PROBLEM TO WORK ON ▸
Write out the records below exactly as they appear, skipping each picture.

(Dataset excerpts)
§ §
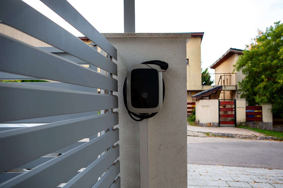 A napelemes alumínium kocsibeálló bejáratánál még egy falra szerelt elektromos autótöltő is található, így könnyen és gyorsan feltöltheti a tulajdonos az elektromos autóját anélkül, hogy a zárt garázsba be kellene állnia. Ez a típusú töltő elegendő helyet biztosít a töltőkábel számára, amit könnyedén a töltő köré lehet tekerni, így nincs útban a kábel.
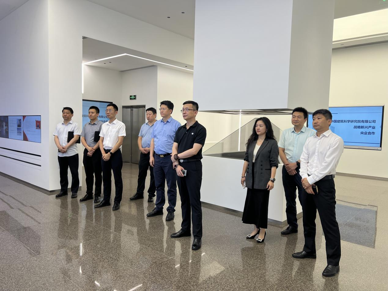 石磊陪同翟欣一行實地參觀中國建研院展廳。三一筑工總工程師、智能建造研究院院長馬云飛和有關同志;中國建技總工程師隗偉、副總工程師王瑋及有關分支機構負責人參加座談。
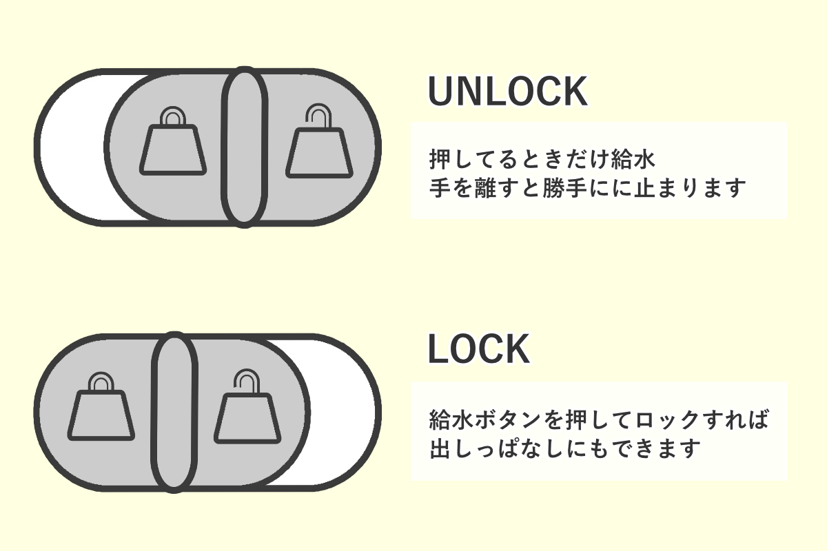 注ぎ口にはロック機能が付いています。給水ボタン押してからロックすれば手を放しても出しっぱなしにすることができます。ロックを解除している時は、押している時だけ飲み物が出て離すと勝手に止まり、片手で操作できます。出しすぎてしまう心配がないので、小さなお子様でも自分で注ぐことができます。
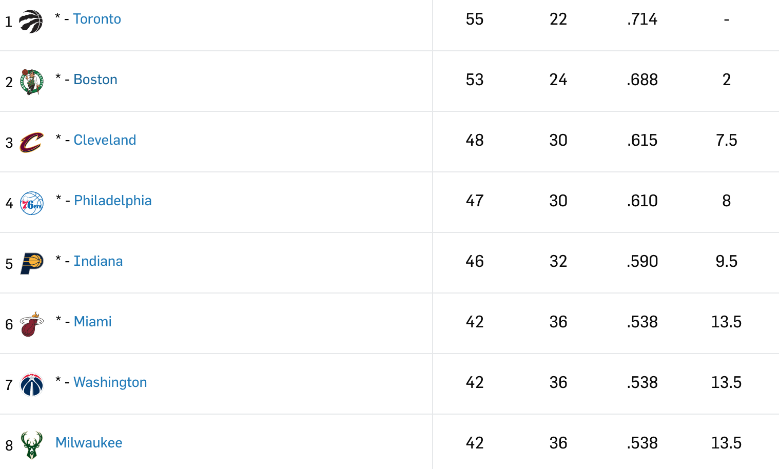 The Sixers also got some help in their push for the playoffs. Even though Cleveland defeated Toronto by six, Indiana lost to the Nuggets by three out west. Their next two games are Golden State and Toronto. Miami won and Washington lost, which means the Heat are now in sixth place. Here’s an updated look at the playoff standings:
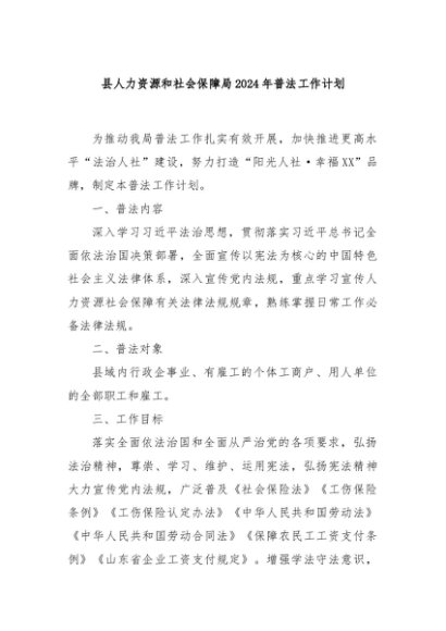 / 【七哥公文】2024年:县人力资源和社会保障局2024年普法工作计划+更多免费公文+VX:QiGeGongWen2024
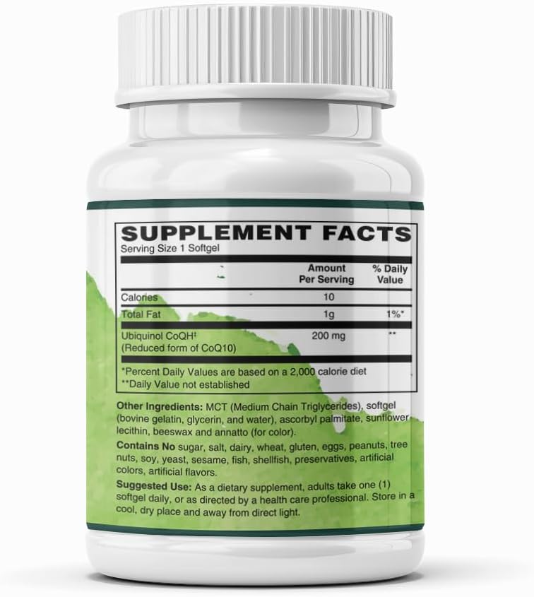 - You’ll never find sugar, dairy, wheat, gluten, soy, peanuts, tree nuts, eggs, sesame, fish, shellfish, preservatives, or artificial colors here. Every batch is non-GMO and produced in a GMP-certified U.S. facility, then bottled in recyclable PET for planet-friendly peace of mind. Take one softgel daily with a meal and experience the difference active CoQ10 makes for heart vitality, cellular energy, and antioxidant defense.
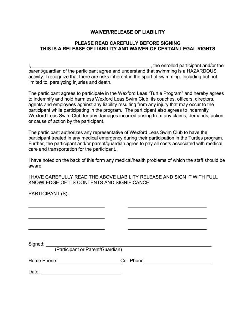 WAIVER/RELEASE OF LIABILITY PLEASE READ CAREFULLY BEFORE SIGNING THIS IS A RELEASE OF LIABILITY AND WAIVER OF CERTAIN LEGAL RIGHTS I, the enrolled participant and/or the parent/guardian of the participant
§ §
TASK ANSWER ▸
 A napelemes alumínium kocsibeálló bejáratánál még egy falra szerelt elektromos autótöltő is található, így könnyen és gyorsan feltöltheti a tulajdonos az elektromos autóját anélkül, hogy a zárt garázsba be kellene állnia. Ez a típusú töltő elegendő helyet biztosít a töltőkábel számára, amit könnyedén a töltő köré lehet tekerni, így nincs útban a kábel.
 石磊陪同翟欣一行實地參觀中國建研院展廳。三一筑工總工程師、智能建造研究院院長馬云飛和有關同志;中國建技總工程師隗偉、副總工程師王瑋及有關分支機構負責人參加座談。
 注ぎ口にはロック機能が付いています。給水ボタン押してからロックすれば手を放しても出しっぱなしにすることができます。ロックを解除している時は、押している時だけ飲み物が出て離すと勝手に止まり、片手で操作できます。出しすぎてしまう心配がないので、小さなお子様でも自分で注ぐことができます。
 The Sixers also got some help in their push for the playoffs. Even though Cleveland defeated Toronto by six, Indiana lost to the Nuggets by three out west. Their next two games are Golden State and Toronto. Miami won and Washington lost, which means the Heat are now in sixth place. Here’s an updated look at the playoff standings:
 / 【七哥公文】2024年:县人力资源和社会保障局2024年普法工作计划+更多免费公文+VX:QiGeGongWen2024
 - You’ll never find sugar, dairy, wheat, gluten, soy, peanuts, tree nuts, eggs, sesame, fish, shellfish, preservatives, or artificial colors here. Every batch is non-GMO and produced in a GMP-certified U.S. facility, then bottled in recyclable PET for planet-friendly peace of mind. Take one softgel daily with a meal and experience the difference active CoQ10 makes for heart vitality, cellular energy, and antioxidant defense.
 WAIVER/RELEASE OF LIABILITY PLEASE READ CAREFULLY BEFORE SIGNING THIS IS A RELEASE OF LIABILITY AND WAIVER OF CERTAIN LEGAL RIGHTS I, the enrolled participant and/or the parent/guardian of the participant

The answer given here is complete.